Total RNA purified from undifferentiated ASCs (n = 5), as well as cells subjected to differentiation conditions for 7 days (n = 4) and 21 days (n = 6) were subjected to array analysis. In vitro transcription was performed using the Ambion Message Amp Premier Enhanced assay protocol (Ambion Inc, Austin, TX) starting with 500 ng of purified total RNA. Confirmation of cRNA diversity was obtained using the Bioanalyzer 2100 to characterize sample yield, integrity, and size diversity against a Universal Human Reference RNA (Stratagene, La Jolla, CA). Fifteen micrograms of purified, amplified, biotin labeled cRNA was fragmented and hybridized onto Affymetrix Human Genome HGU133A plus 2.0 arrays (Affymetrix Corp., Santa Clara, CA) for 18 h.

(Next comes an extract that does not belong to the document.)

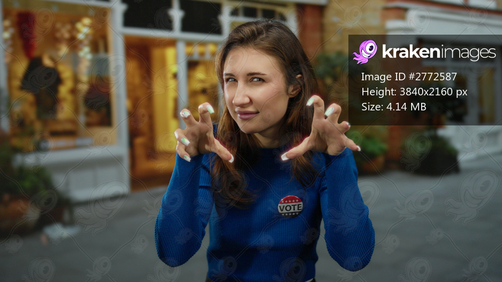 Woman in blue sweater with vote badge poses playfully on city street with blurred background of shops and plants in outdoor urban setting.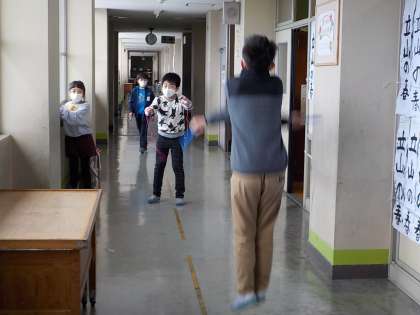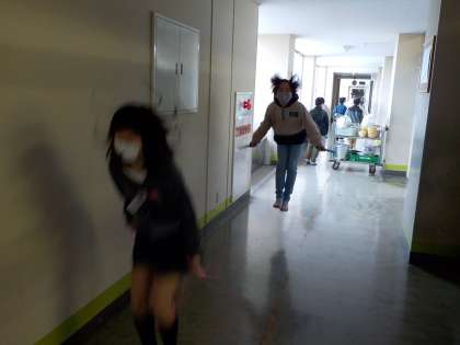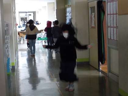 廊下では、自分の目当てに向かって縄跳びの練習をしています。

Washing, staining and scanning of arrays was performed on the Affymetrix Fluidics Station 450 and Scanner 3000 immediately after completion of hybridization. The preparation of cRNA and hybridization to microarrays was performed by Gene Logic Inc. Data quality was assessed by using pre-normalized data to generate degradation plots and compare 3′–5′ rations for all the actin and GAPDH probesets [20]. Microarray data was processed using the Expression Console (Affymetrix) with signal intensity calculated by Microarray Suite version 5.0 (MAS 5.0).

Microarray data analysis

Data analysis to determine differential gene expression profiles was performed by importing MAS 5.0 intensity data into the Partek Genomics Suite Version 6.4 (St. Louis, MO) for analysis of variance (ANOVA) based on time in culture. Post hoc testing employed the Fisher’s exact test adjusted to correct for false discovery rates (q < 0.05) associated with multiple testing. We also performed unsupervised hierarchical clustering to test for gene expression patterns among the three cell populations. In order to determine biologically significant networks and canonical pathways relevant to adipogenesis, we utilized Ingenuity Pathway Analysis (IPA Suite, Ingenuity Systems; http://www.ingenuity.com, Mountain View, CA). Only differentially expressed genes (−2.0 > fold-change >2.0; q value <0.05) were included in each IPA core analysis. Genes were mapped to genetic networks and statistically ranked based on the number of differentially expressed genes among the eligible molecules in the network. Microarray data sets obtained through this study will be deposited in NCBI’s Gene Expression Omnibus (GEO).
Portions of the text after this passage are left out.